A scuola da soli: in Italia lo fanno in pochi

Una ricerca del Cnr mostra mamme e papà italiani non inclini a rendere indipendenti i figli. Pochi bambini vanno a scuola da soli. Alcuni genitori si presentano persino all'università.

Lontani da casa. Le paure dei genitori

05/05/2013

Figlio fuori casa per qualche giorno e ansia da separazione da parte dei genitori spesso camminano di pari passo. Non per tutti, ovviamente, ma di certo per buona parte delle mamme italiane. Nonostante la razionalità e l’autocontrollo, infatti, il telefono diventa inseparabile compagno: spesso usato per chiamare, se è permesso farlo, più spesso aspettando che squilli, perché pare proprio brutto telefonare in continuazione. Ma cosa provano le mamme e i papà quando i figli trascorrono del tempo lontano da loro? Lo abbiamo chiesto a Rosalinda Cassibba, professore straordinario presso la Facoltà di Scienze della formazione dell’Università di Bari.

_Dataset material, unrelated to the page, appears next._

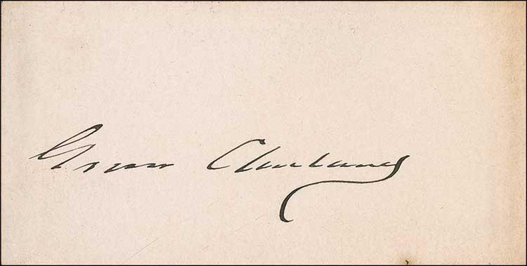 Ink signature, “Grover Cleveland,” on an off-white 4 x 2 card. In fine condition, with mild edge toning. Pre-certified John Reznikoff/PSA/DNA and RRAuction COA.

«Verso i sette-otto anni il bambino deve essere incoraggiato a vivere esperienze fuori casa: le gite, i momenti formativi riservati ai ragazzi, le occasioni ludiche che prevedono allontanamento dalla famiglia sono delle esperienze di crescita. Sollecitarle è importante: a volte capitano momenti in cui occorre stare lontani e stare da soli, sono occasioni che permettono di individuare strategie per sviluppare il senso di autonomia. Preparato il momento, il genitore deve poi sentirsi tranquillo altrimenti trasmette le sue emozioni al ragazzo».

- Ma certamente, le prime volte, bene non si sta.


«In parte le sensazioni sono legate all’età del figlio, perché quando inizia a diventare più grande gli si attribuisce maggior autonomia e come genitore si acquisiscono strategie per vivere meglio il distacco. Le prime volte, indubbiamente, si sta male. Il problema si pone soprattutto se il bambino vive la sua esperienza in un contesto diverso dalla famiglia: si è più tranquilli se sta a casa con gli zii o con qualcuno con cui si ha confidenza, anche perché li si può chiamare spesso senza paura di disturbare. Ovviamente con i nonni la tranquillità è massima, soprattutto per chi è abituato a stare con loro. Ma quando per la prima volta dormono fuori un po’ di ansia c’è sempre: lo so bene anch’io perché l’ho sperimentato da poco, quando mio figlio è rimasto da un amico. Ho trovato però dall’altra parte una mamma comprensiva che aveva vissuto questa sensazione prima di me e mi ha mandato molti messaggi per rassicurarmi che tutto andasse bene».

- Se è invece il genitore che si allontana?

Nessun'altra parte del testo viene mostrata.